Both Situation Awareness and Distributed Situation Awareness are interesting concepts to consider when designing complex systems. Both have their own design methods, processes and measurement methods, which should help system designers to support high SA on end users. But the real question is, how do you use these models to improve design?
I’ve written about SA and DSA before:
Endsley, Bolte and Jones have published a book named Designing for situation awareness: An approach to human-centered design on SA-oriented design (Endsley et al 2003). Salmon, Stanton, Walker and Jenkins have published their view on DSA-oriented design in a book Distributed Situation Awareness: Theory, Measurement and Application to Teamwork (Stanton et al 2009).
Both of these are briefly covered here. The figure below is a top level description combining both approaches: analysis-specification-build-measure-repeat -cycles.

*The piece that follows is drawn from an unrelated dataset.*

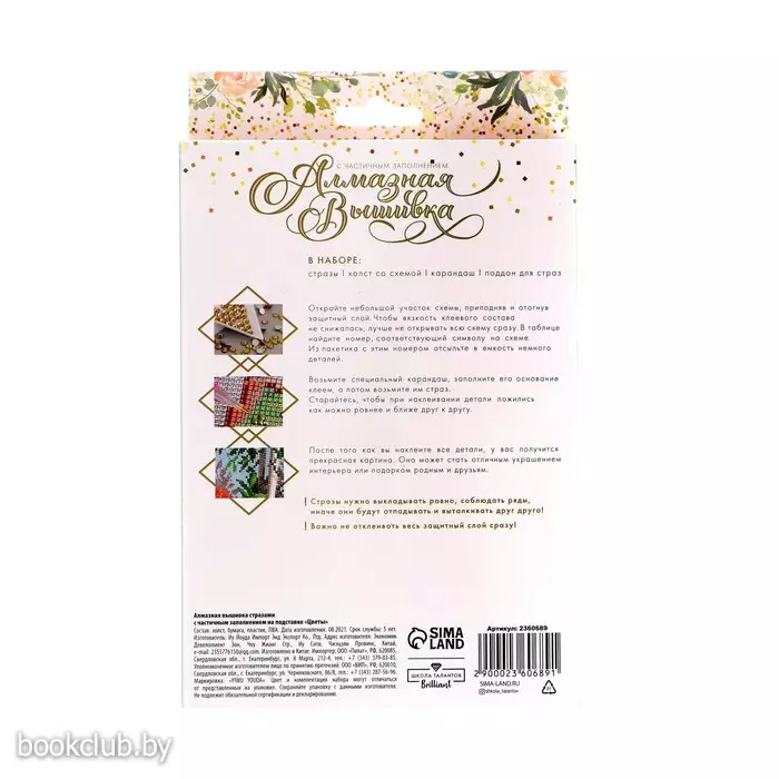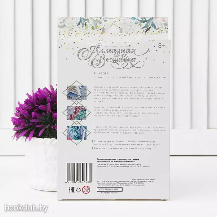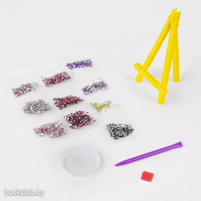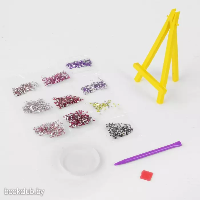 Новая серия сверкающих картин c частичным заполнением на мольберте позволит создать настоящий шедевр своими руками!Разложите кристаллики с помощью карандаша по указанной схеме, полностью заполнив полотно. Картонная основа с клеевым покрытием будет надёжно удерживать стразы. На картине уже обозначены необходимые оттенки. Часть картины предстоит заполнить стразами, другая часть напечатана на самом холсте — такое изделие легче и быстрее создать. Поэтому набор такого небольшого формата подойдёт для тех, кто впервые пробует свои силы в этой технике или любит быстро добиваться результата.В данном наборе есть небольшой мольберт, с ним готовое творение можно удобно расположить на полке или столе без дополнительных креплений. В наборе есть всё необходимое:картонный холст со схемой;стразы;карандаш для страз;клеевая подушечка;подставка для готовой картины;ёмкость для страз. Это отличная покупка по хорошей цене! Надеемся, вы не забудете поставить оценку этому товару. Для вашего удобства при оформлении заказа по телефону назовите код товара: 189078

Endsley, Bolet and Jones divide SA-oriented design process to three main stages: requirements analysis, SA-oriented design principles and SA measurement. SA requirements analysis consists of goal directed task analysis (GDTA) . GDTA is interested in goals of the task, decisions the operator must make to achieve goals and information that is needed to make those decisions. Focus is on so called dynamic information requirements, which means information that changes dynamically during the task, opposed to general system knowledge. GDTA is conducted by interviewing experienced operators and by combining this data with knowledge from other sources, like written materials, documentation, protocols etc.. The GDTA results are then validated by large number of experienced operators.
There are also a number of design principles for SA oriented design listed in the book. Examples of these are “Organise information around goals”, “Present Level 2 information directly” and “Provide assistance for Level 3 SA projections”. Most of the principles concern GDTA results or are general recommendations relating to three level model of SA.
Design principles and GDTA results do not automatically lead to design solutions, which is why designs need to be objectively measured. There are many direct and indirect ways of measuring SA, but direct and objective measurements in conjunction with workload and performance evaluation is the most thorough approach. Situation awareness global assessment technique (SAGAT) is one often used method to measure SA. SAGAT requires the task under analysis to be halted at random periods and batteries of questions to be presented at operators. Answers are then evaluated by subject matter experts.
Whichever the SA measurement method is, the important part is to feed results back to design to improve solutions until SA requirements are satisfied.
DSA design process is quite similar to SA-oriented design process, but the tools and focus are different. DSA is also interested in the tasks operators are performing, but the method to analyze them is hierarchical task analysis (HTA), which uses data from observations, documentation, interviews with subject matter experts, training materials, etc.. HTA is used to identify the SA requirements, which should be further refined to build a propositional network describing the relations between information elements. Information elements will be further categorized (by using HTA, propositional network and subject matter experts) to compatible and transactive elements – meaning information that is used in different ways by different operators, and information that is passed between operators.
Results of the SA requirements analysis is used to create a design specification describing what information, to whom, in what format, for which need should be presented. Specification should link end user tasks to information elements to be presented, as well as what other information elements are likely to be used in conjunction. There are also 18 design guidelines that can be used to guide the design process (Salmon et al 2009, 218-223).
Finally, mock ups should be built based on the design specification, to test how well they support DSA. The nature of testing depends on what is to be tested – mock ups can be tested using a propositional network method, but operators use of prototypes can also be analyzed using critical decision method interviews. Findings from the test should be fed back to the design phase.
Top level image at the beginning shows that SA- or DSA-oriented design processes both are based on a basic design-build-measure-repeat -cycle. The real value is in methods that are used to gather and describe requirements, and how SA or DSA is measured. It is important to note that prototyping is encouraged to avoid spending time implementing systems that are not going to fulfill the requirements – SA and DSA can (to some point) be measured using prototypes as well.
Concentrating on the tasks and information elements seems to be the key in designing to support situation awareness, no matter if you consider it on the individual or systems level. It would be interesting to analyse these more deeply to see how the results of these processes differ and does it show somehow in the final designs.
These design methods are also quite heavy and demand time, resources and skills. On the other hand, they are also to be used in situations which require special consideration on performance, security and so on.
Endsley, M. R., Bolte, B., & Jones, D. G. (2003). Designing for situation awareness: An approach to human-centered design. London, UK: Taylor & Francis.
Salmon, P.M., N.A. Stanton, G.H. Walker, and D.P. Jenkins. 2009. Distributed Situation Awareness: Theory, Measurement and Application to Teamwork. Ashgate: Aldershot.